Re: TAPE_SIM_MIM_RECORD errors on AIX

2001-02-20 19:50:23
Subject: Re: TAPE_SIM_MIM_RECORD errors on AIX
From: David Bronder <david-bronder AT UIOWA DOT EDU>
Date: Tue, 20 Feb 2001 18:50:47 -0600
Brian Murphy wrote:
>
> I corrected the AAAx output by using the errupdate and errinstall parts of
> the Atape installation procedure.
>
> I am wondering though if these errors are normal, does that mean that they
> are nothing to worry about and that I should alter the error template to
> turn logging of these errors off.
>
> Does anyone know if there is ever cause to pay attention to these errors?
>
> Should I perhaps also do this for the TAPE_DRIVE_CLEANING errors logged as
> the tape library is dealing with this itself?
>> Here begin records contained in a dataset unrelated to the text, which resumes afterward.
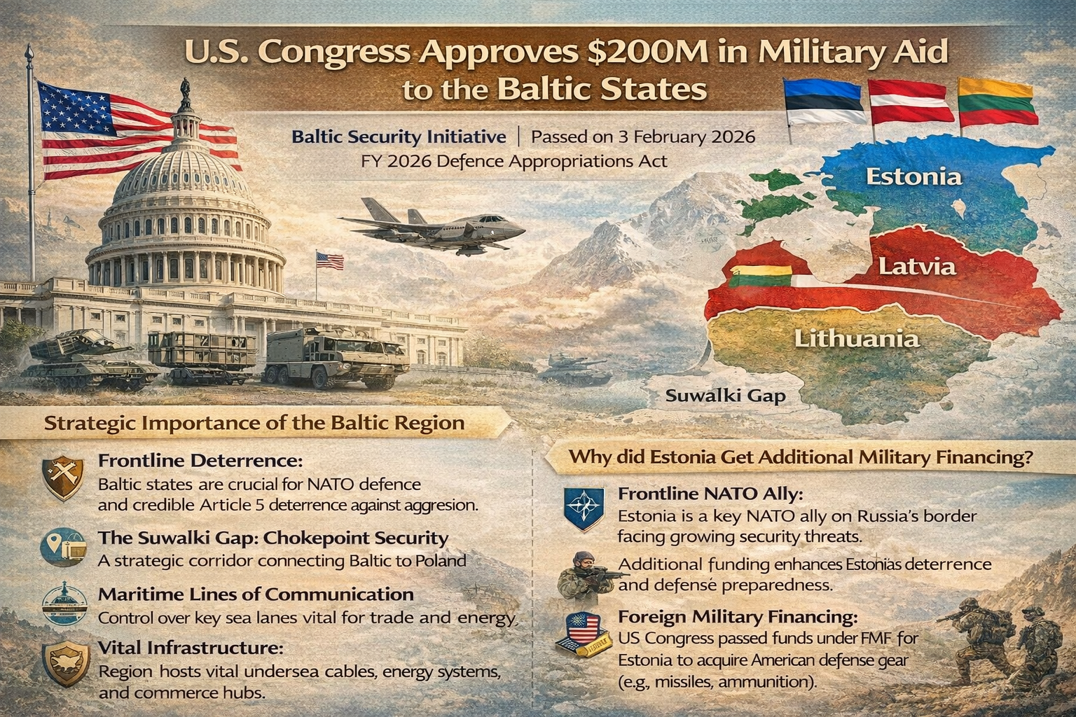On 3 February 2026, the Congress of the United States passed USD 200 million of military aid to the Baltic states of Estonia, Latvia, and Lithuania in the Baltic Security Initiative (BSI) under the Fiscal Year 2026 Defence Appropriations Act. This investment is aimed at consolidating the defence abilities and integration of the Baltic states through the acquisition of the latest US military gear, as well as the improvement of air defence and other important infrastructures. The package takes a fresh commitment to European security and transatlantic defence cooperation by the US in the face of current challenges in the region.
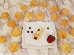 Watching your weigh doesn’t mean you can’t have dessert. A little bit of heaven every once in awhile is actually a good way to stay on your weight-loss course. If you deny your sweet tooth completely, you are more likely to go cray-cray on sugar and sweets, and make really bad decisions. Instead, try this recipe of angel food mini cup cakes with a fruit center.
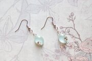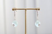 爽やかなブルーのマーキス型のレジンにスワロフスキーを一粒とパール、ブリオンをあしらい、愛らしくも上品なピアスに仕上げました。
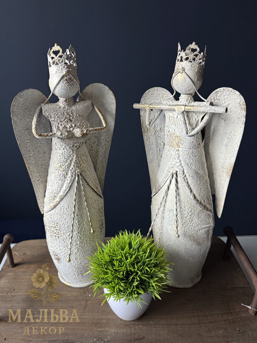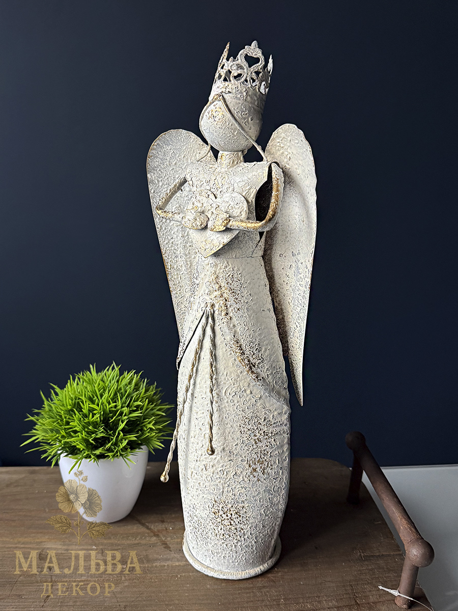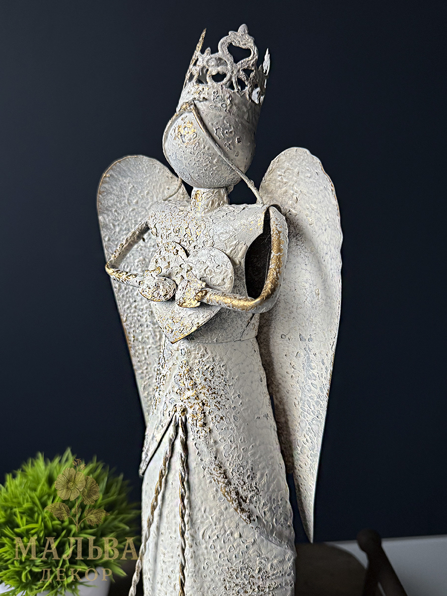 Металлический декор в сиде ангелов станет украшением при создании сезонных композиций, например новогодних.

The cleaning errors are normal.  Generally you'll see two SIM_MIM_RECORD_3590
messages and the TAPE_DRIVE_CLEANING message logged to errpt.  The cleaning
messages (as long as they're not too frequent) are just informative.

The SIM/MIM messages can be lots of things.  To tell for sure, you need to
decode the sense data in the log entry.  If you have a hardware reference
for your tape drive, you can manually do that.  The two that accompany a
drive cleaning correspond to the "needs cleaning" notice and the "just been
cleaned" notice.

Other SIM/MIM messages can indicate more serious problems, so you should
investigate any that don't fit the SIM_MIM + CLEANING + SIM_MIM pattern.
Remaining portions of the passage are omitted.